Journal of Nanomedicine & Nanotechnology

Preparation of ultrasmall monodisperse upconversion nanocrystals and their size control using an intensified heat treatment process

22^nd International Conference and Expo on Nanoscience and Molecular Nanotechnology

November 06-08, 2017 | Frankfurt, Germany

Alireza Kavand, Christophe A Serra, Delphine Chan-Seng, Nicolas Anton and Thierry Vandamme

Université de Strasbourg, France

Scientific Tracks Abstracts: J Nanomed Nanotechnol

Abstract:

This presentation will show a simple and efficient method to produce ultrasmall hexagonal-phase upconversion nanocrystals (UCNCs) to be used as luminescent labels for biomedical applications. Preparation of nanosized hexagonal-phase UCNCs is a great challenge but many methods have been reported to synthesize efficiently UCNCs in the size range 15 to 50 nm. One of the easiest and most convenient approach is the co-precipitation method that involves nucleation (precipitation step) and growth of particles (heat treatment step). In the case of the synthesis of ultrasmall UCNCs (sub-10 nm), some researchers have used lanthanide dopant while others have changed some operating parameters to achieve a rapid nucleation rate such as different mixed ligands, shorten heat treatment time etc. But these strategies induced the undesired effect of increasing the energy barrier between cubic phase and hexagonal phases. Herein we report on a modified heat treatment procedure to achieve monodisperse ultrasmall UCNCs in good yields. We used stainless steel microtubes with different inner diameters and lengths for the heat treatment step and compared the results with the standard batch method using a simple flask. Microtubes filled with the UCNCS nuclei solution were placed in a thermoregulated oven at (300°C) for 120 min.
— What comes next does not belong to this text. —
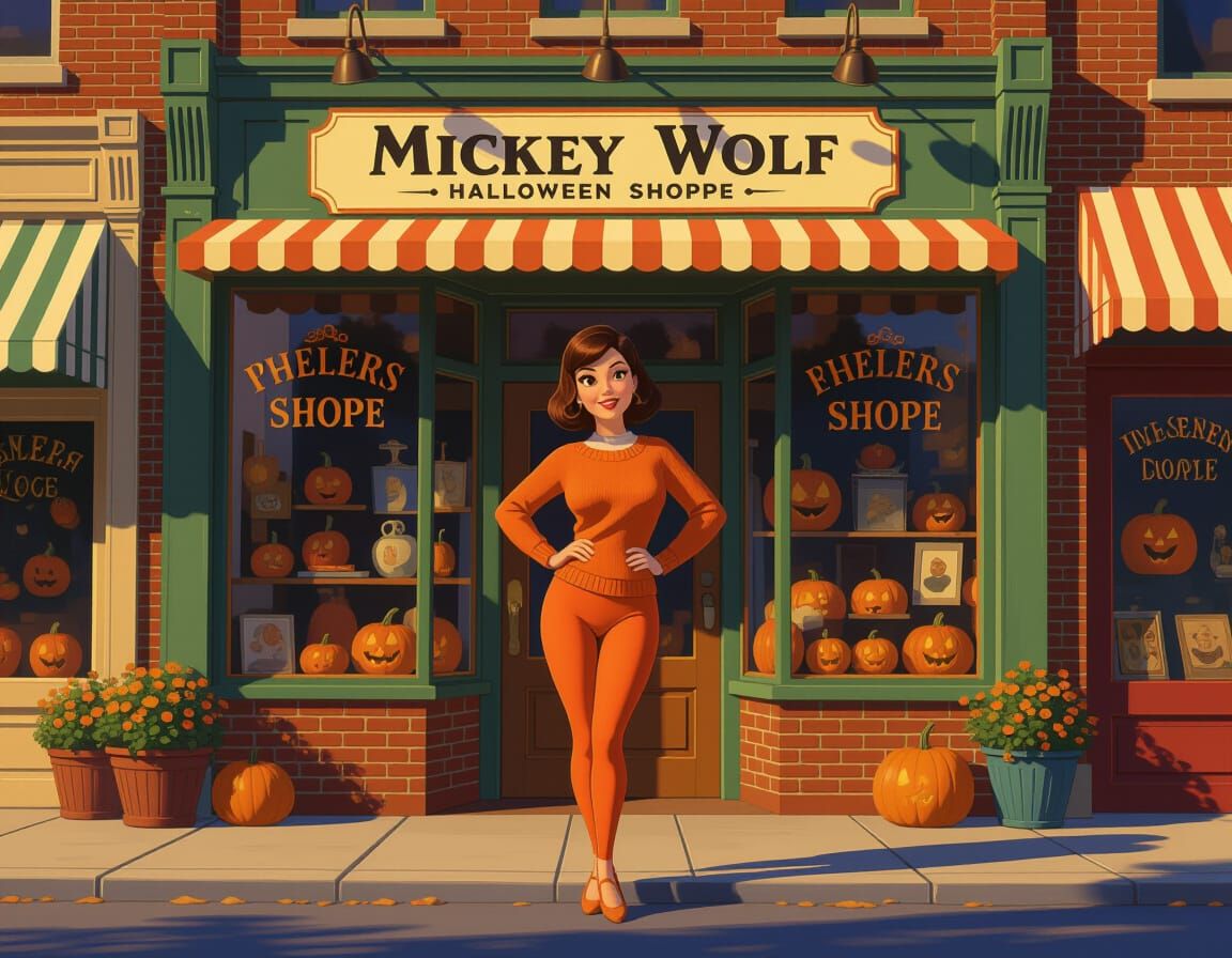 Pixar concept art, (a store front that says)(MickeyWolf Halloween Shoppe) a beautiful mature women, EE cup bosom, Brunette bob cut hair, wearing orange leggings, orange sweater, in a pin-up pose, Standing in front of a store in a small town, sharp focus, cinematic lighting, vibrant colors

It was found that the sizes and properties of UCNCs were influenced by the type of heat treatment device (flask or microtube) which was never reported until now. Nanoparticles produced with the bigger tube (ID: 4083 µm) showed ultrasmall size (around 7 nm) and narrower size distribution (PDI 0.2), while the nanoparticles obtained using a smaller tube (ID: 876 µm) or produced with the flask showed bigger sizes about 700 nm and 50 nm respectively (PDI: 0.5 and 0.3). The length of the microtube was found not to affect significantly the particle size which is an important factor for future scale up. However, for the same formulation, the volume of the flask (5 and 21 mL) did affect quite noticeably the size of the UCNCs obtained (50 and 190 nm respectively). The presentation will aim also at introducing our latest results regarding the continuous-flow heat treatment in microtubes.

Biography :

Alireza Kavand obtained his BS degree in Chemistry from the University of Zanjan and his Master’s degree in Polymer Chemistry from the University of Tehran (Iran). Currently, he is a member of the CMP group as PhD student at Institute Charles Sadron (France). His current research interests are polymer synthesis based on peptide, microfluidic system and upconversion nanoparticles for drug delivery application.